Exercise brief:
Set down the final stretch of the data, from the line that holds "名 称: 下陆区2025年度8月份孤儿基本生活补助发放公示表" through the last line, both included, with pictures left out.

Data:
<<<<
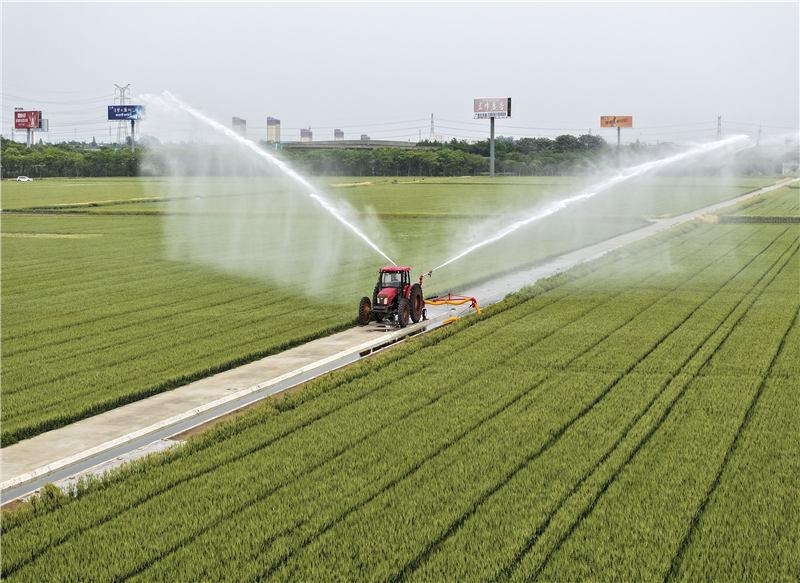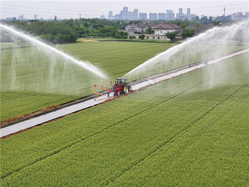 泰州凤栖湖农场工作人员操作喷灌机给小麦田浇水
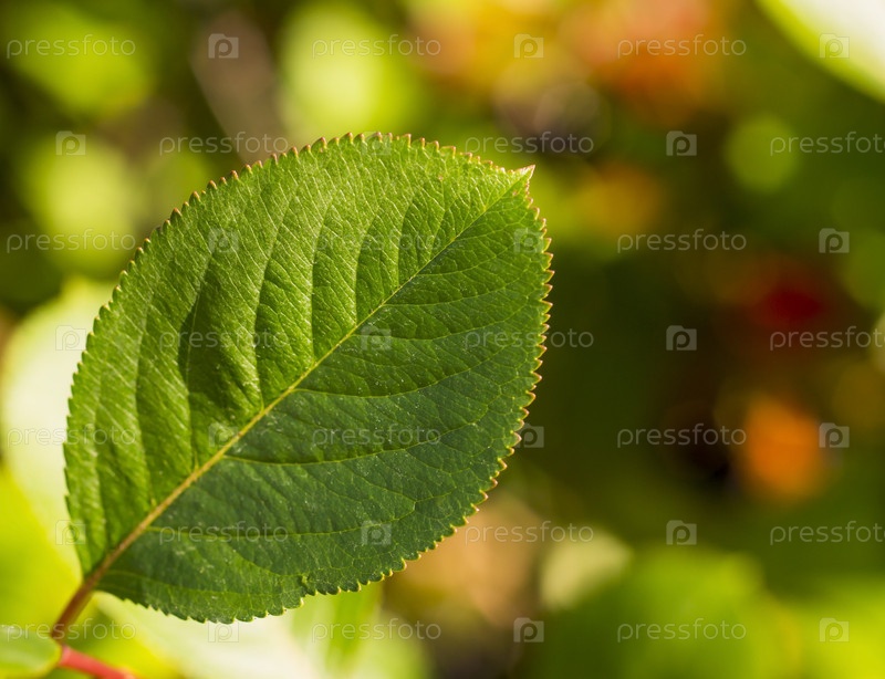Зеленый лист на фоне летней растительности
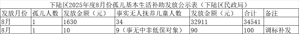 名 称: 下陆区2025年度8月份孤儿基本生活补助发放公示表
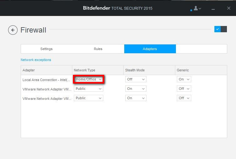 To do this, open BitDefender, go to AV settings and click on the Adapters tab. Then, use the drop-down menu associated with your Local Area Connection to change the Network Type to Trusted.
>>>>
Written answer:
 名 称: 下陆区2025年度8月份孤儿基本生活补助发放公示表
 To do this, open BitDefender, go to AV settings and click on the Adapters tab. Then, use the drop-down menu associated with your Local Area Connection to change the Network Type to Trusted.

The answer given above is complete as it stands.